The problem with the DEBUG_VERBOSE is that if the kernel needs a
rebuild it's only marginally better than having to ask the developer
to add a one liner dump_stack before rebuilding the kernel.

Next time we need it, it may be simpler to figure a dynamic tracing
trick than to ask a rebuild.

In addition of pursuing the VM_FAULT_RETRY improvements from Peter,
it'd be fine to drop it for now to avoid confusing the machines.

> Yes, the problem is way more general. As you noted it applies to 100K
> of EINVAL|EFAULT|ENOMEM, it's super hard to figure out what/where
> exactly goes wrong in the kernel getting only -22. But at the same

What stands out for this location is that it's the bailout point
of all non uffd compatible syscalls.

The chances such annotation turns out to be useful is much higher than
a random -EINVAL location, but in principle it's the same kind of
issue and I agree it'd be unpractical to annotate them manually.

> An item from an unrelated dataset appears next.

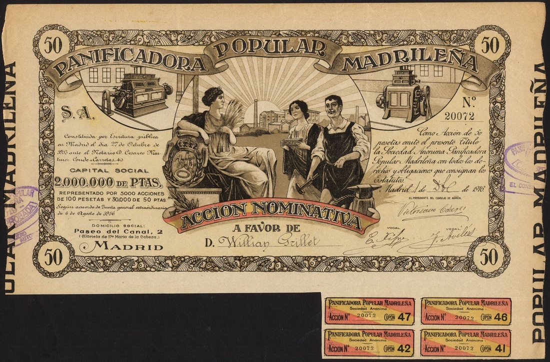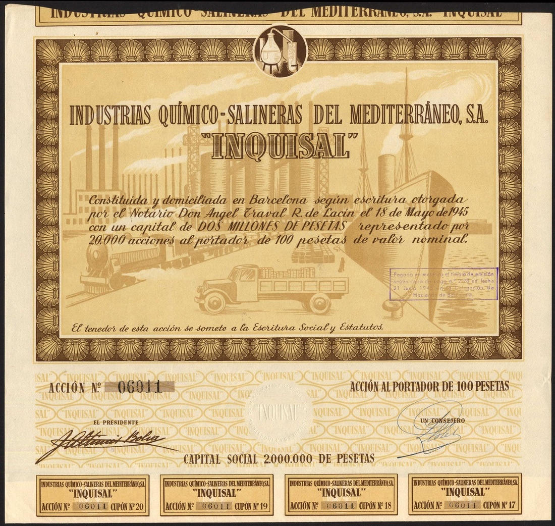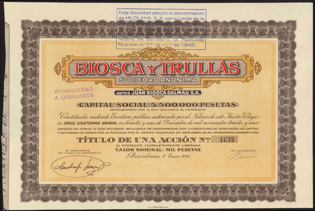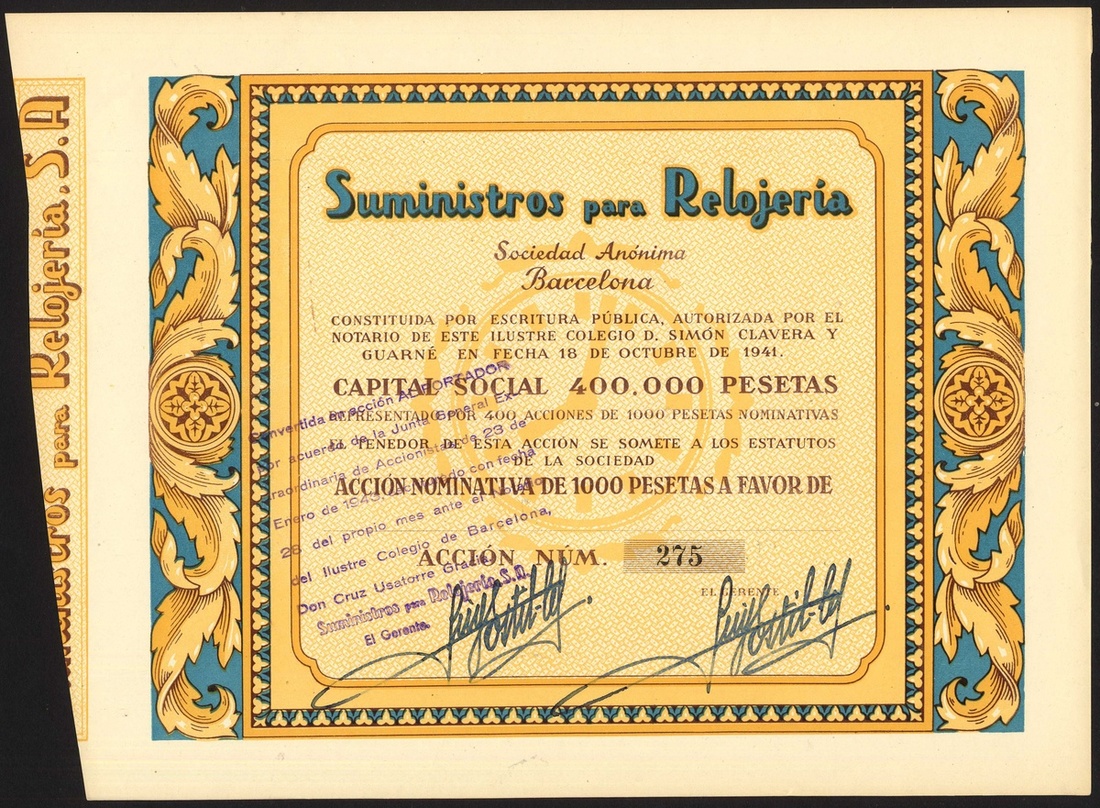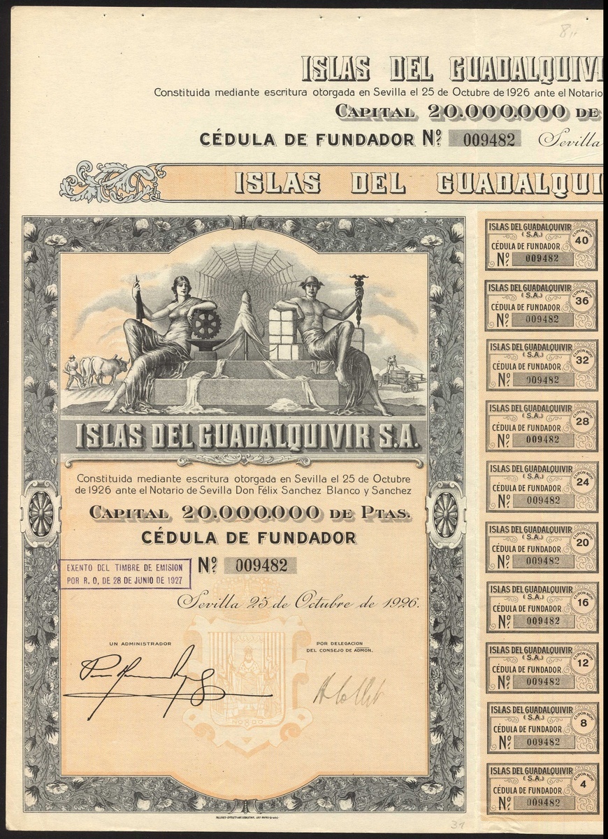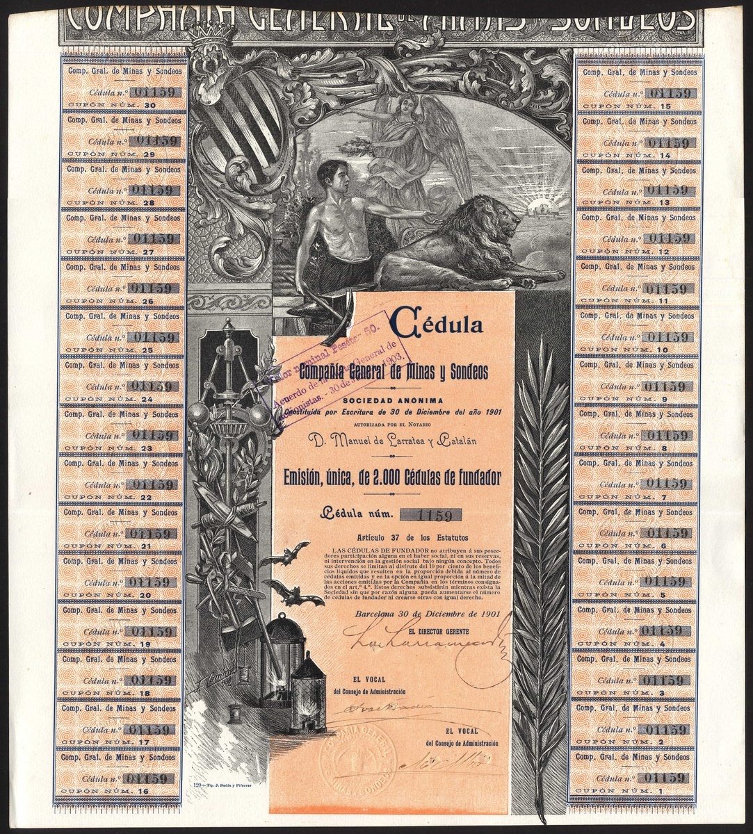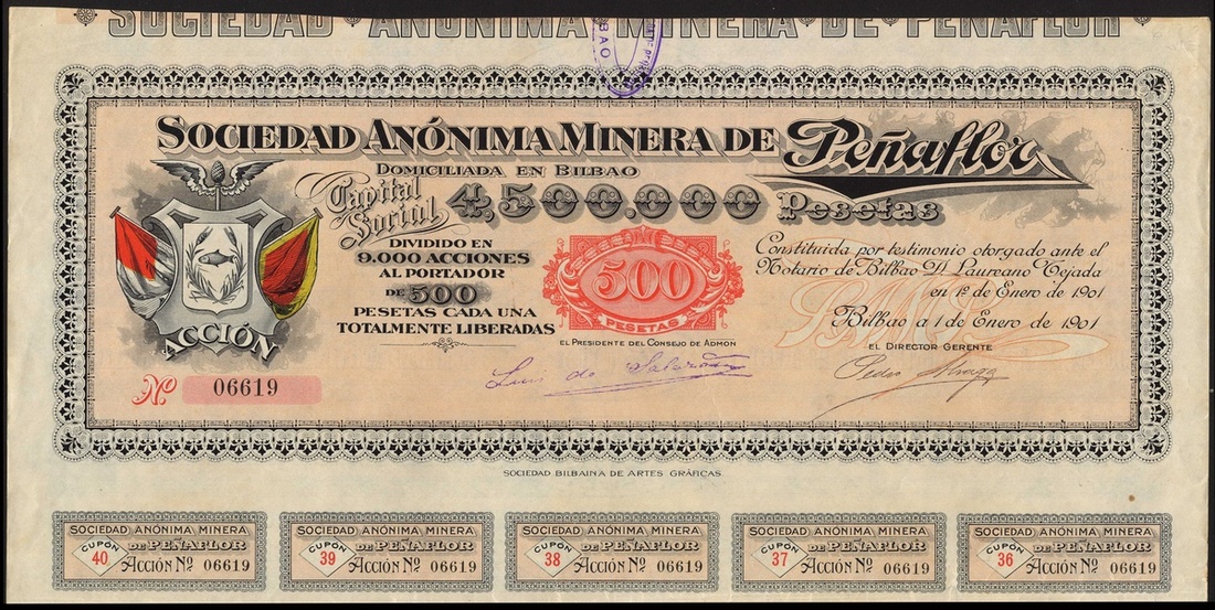 A collection of Spanish Commercial and Industrial companies (94), dating from 1854 to the 1970's, most being post 1900, some unissued, many interesting subjects included and many have colourful vignettes and many with coupons. Generally VF to EF. A full list is available on request.

> time we can't have all of these 100K places dump stacks. I don't know
> what's a good solution for this. Manually annotating 100K places does
> not look like the right way to go. Maybe kprobes can do this? In some
> cases I used CONFIG_KCOV  and kcovtrace
> (https://github.com/google/syzkaller/blob/master/tools/kcovtrace/kcovtrace.c)
> to collect kernel trace from a failing syscall.

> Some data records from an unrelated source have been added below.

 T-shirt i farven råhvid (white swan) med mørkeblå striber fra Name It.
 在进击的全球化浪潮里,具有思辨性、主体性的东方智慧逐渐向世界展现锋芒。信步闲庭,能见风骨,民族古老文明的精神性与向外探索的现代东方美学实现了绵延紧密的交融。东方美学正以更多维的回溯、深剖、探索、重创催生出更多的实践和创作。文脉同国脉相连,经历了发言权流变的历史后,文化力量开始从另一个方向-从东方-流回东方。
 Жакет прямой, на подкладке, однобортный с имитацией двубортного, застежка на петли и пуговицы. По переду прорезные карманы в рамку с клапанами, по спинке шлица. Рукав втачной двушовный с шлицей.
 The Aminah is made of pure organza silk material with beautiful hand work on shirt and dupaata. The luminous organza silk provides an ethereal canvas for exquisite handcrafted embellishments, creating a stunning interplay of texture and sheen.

If there is a de facto standard to search for a "syscall bailout call
trace" that can provide us that very same dump_stack, that should work
for this uffd issue too indeed.

KCOV may or may not be enabled in enterprise -debug kernels, but the
main limitation of the kcovtrace.c seems to be the lack of threading
support and the privilege inheritance through fork. While it's not
mandatory, the uffd manager is practically always implemented as a
thread of some process so whatever alternative to dump_stack() should
work with threads.

I think kprobes/ebpf should work provided debug info is available
(which is not always guaranteed), otherwise to obtain it without debug
info, it'd require a ftrace static trace point to use with the
function graph tracer I guess.

Thanks,
Andrea